**Task objective**
Please output only the lines running from the one that contains "Headend system. With" through the last line of the data below, exactly as they stand, with no pictures.

**Input**
++++++++

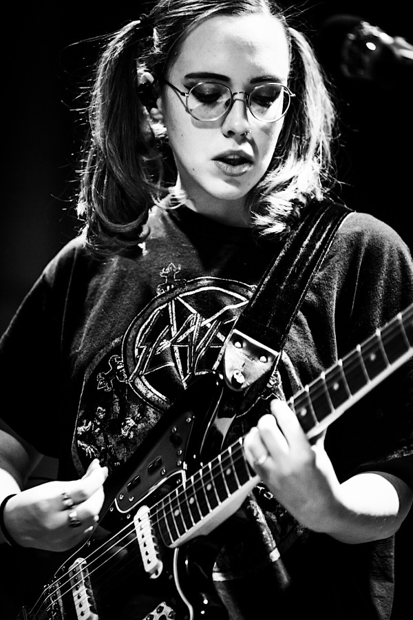 Wearing oversized wire-frame aviators and high pigtails supported by a small army of shiny barrettes, Sophie Allison serenaded a sold-out crowd of Philadelphia fans at the First Unitarian Church last night with her band, Soccer Mommy. Soccer Mommy’s early bedroom pop work evolved into the highly praised Clean, a 2018 record that deals with love, loss, and the overall existential struggles of most every young adult. It’s music that makes you crave the warmth of another while simultaneously feeling the pain of punching through the walls that Allison described in “Henry,” the opening song of the night.
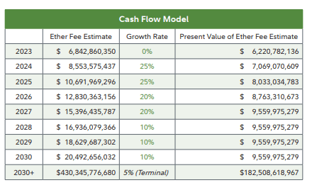 “The value assigned to ether is more easily modeled following the network’s shift to proof-of-stake. Demand for block space can be measured via transaction fees. These fees are both burned or passed on to validators, thereby accruing value for ether holders.
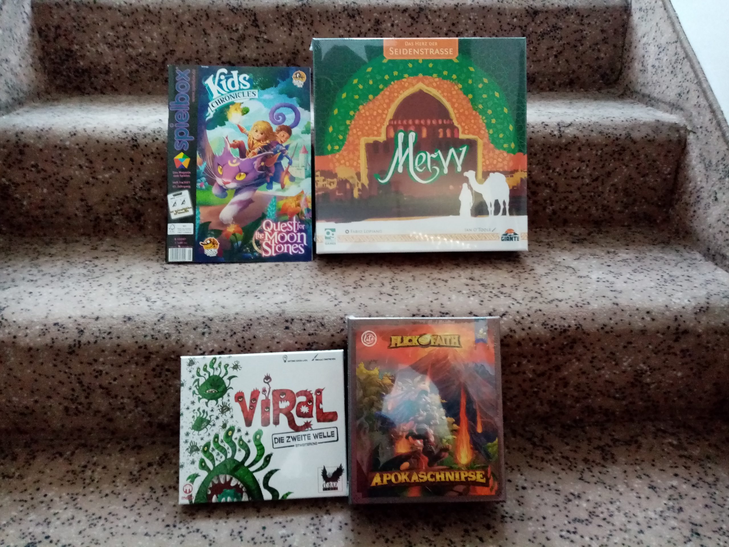 Merw gibt es nun endlich auch auf deutsch! Wir haben auch ein Demospiel im Haus zum ausprobieren – steht bei mir hoffentlich heute am Programm. Die neue Spielbox ist da – das Spielemagazin für den Brettspielfan mit Sonderausgabe zur Spiel in Essen. Und 2 Erweiterungen können wir auch anbieten: Flick of Faith und Viral. Und Explorers von Ravensburger haben wir wieder nachbekommen. Und auch 2 sensationelle Puzzles sind eingetroffen: Der Kartograph und Roll Player. Und auch im Merch Bereich ist wieder was eingetroffen: John Wick Modellautos und neue Funko Pop Figuren. Und ich konnte es selbst nicht glauben, auch für das englische Star Wars RPG haben wir wieder 2 Bücher erhalten! Und richtig genial ist die Spielmatte für Eclipse. Und wer noch nicht genug gelesen hat, findet auf den Fotos noch einiges mehr, und a besten einfach rein schauen bei uns.
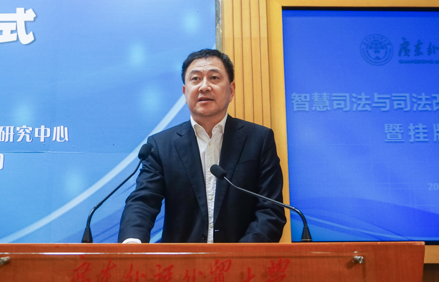 隋广军在致辞中指出,当前以“大数据”“云计算”“人工智能”“移动互联网”等为代表的新一代互联网技术飞速发展,对经济社会发展产生了深刻影响,而探索和创新新技术应用于司法领域,对顺应国家司法体制改革,推进全面依法治国,促进国家治理体系和治理能力现代化具有重要作用。他强调,研究中心的成立贯彻了党的十九大提出的习近平新时代中国特色社会主义思想,适应了广东省肩负的历史使命和重大战略需求,应运而生,正逢其时。此外,他回顾了我校依法治校、构建现代大学治理体系的探索历程及成果,并对我校支持全面推进依法治省、服务法治广东建设所做的工作及取得的成绩作了介绍。他表示,我校将全方位支持中心的建设,并希望与各方一道,为司法改革创新发展贡献力量。
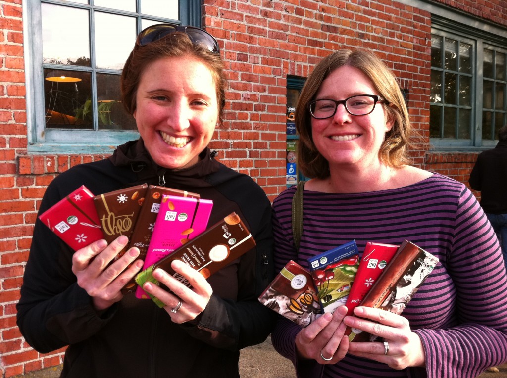 A quick pic with a lot of happiness… Lulu and Sarah stock up at Theo Chocolates in Fremont – a full chocolatier (not just a melter), that’s fair trade and fully organic, and makes some of the best chocolate around.
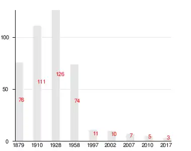 Число жителей по семейным спискам 1879 г.: 30 м. п., 46 ж. п.; по приходским сведениям 1879 г.: 36 м. п., 50 ж. п.[2]
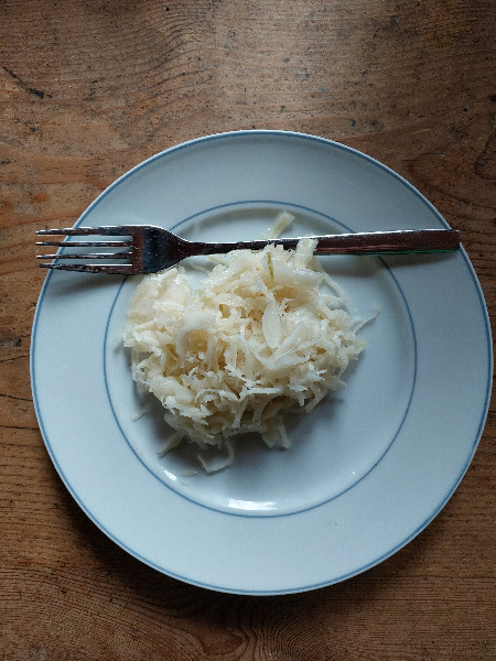 Letztes Jahr haben wir begonnen mit einem regionalen Subunternehmer eigenes Sauerkraut und Krautsalate herzustellen. Alles in feinster Bioqualität. Und wir können versichern: es ist köstlich! Köstlich und gesund. Wir freuen uns auch sehr, daß wir so die Möglichkeit haben unsere "B-Ware" vermarkten zu können und das nicht so viel auf dem Kompost landet. Probieren Sie doch einfach mal. Guten Appetit.
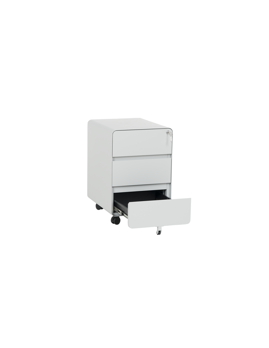 Офис контейнерът Carmen CR-1805 J SAND е практичен метален шкаф тип кардекс, който пристига сглобен, без нужда от монтаж. Моделът е със заоблени линии и колела в основата, за лесно придвижване от едно място на друго. Разполага с 3 чекмеджета със централно заключване. При отключено положение всяко чекмедже се отваря самостоятелно, когато другите 2 са затворени.
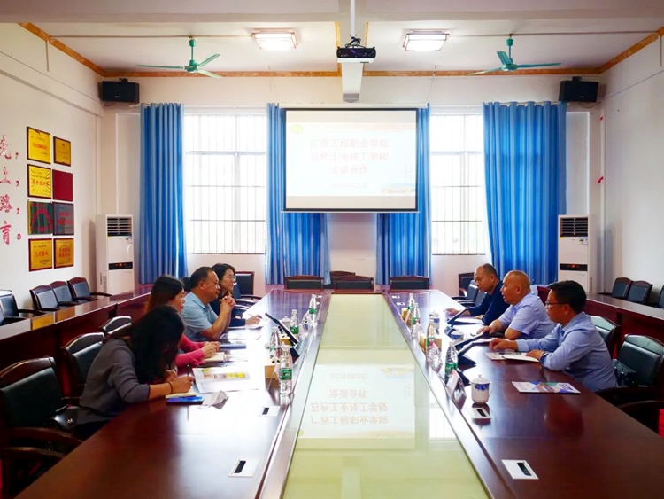 5月25日,百色工業(yè)技工學(xué)校校長許云涌、副校長蘇健、辦公室主任王精明等一行4人蒞臨廣西工程職業(yè)學(xué)院洽談校際合作。學(xué)校對(duì)許云涌校長一行的到來表示熱烈歡迎。雙方座談會(huì)在圖書館會(huì)議室舉行,學(xué)校董事長李益出席了會(huì)議,校長辦公室、招生就業(yè)處、教務(wù)處等相關(guān)職能部門負(fù)責(zé)人參加了會(huì)議。
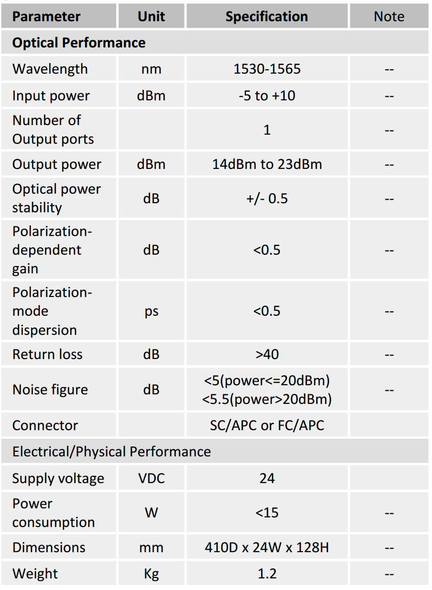 Headend system. With a highly reliable single or double 980nm Pump Laser,low noise figure, and a wide range of optical output powers (14dBm to
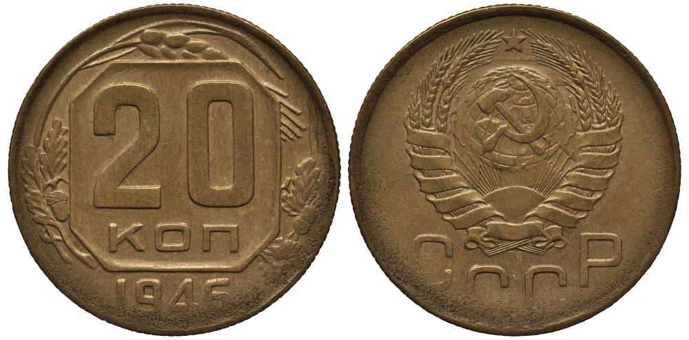 СССР 20 КОПЕЕК 1946 Ошибочный чекан на заготовке из алюминиевой бронзы, вес 2,55 грамм Федорин 007-ДМ, степень редкости Р-4, KM нет алюминиевая бронза 00-000-00

++++++++

**Output below**
 Headend system. With a highly reliable single or double 980nm Pump Laser,low noise figure, and a wide range of optical output powers (14dBm to
 СССР 20 КОПЕЕК 1946 Ошибочный чекан на заготовке из алюминиевой бронзы, вес 2,55 грамм Федорин 007-ДМ, степень редкости Р-4, KM нет алюминиевая бронза 00-000-00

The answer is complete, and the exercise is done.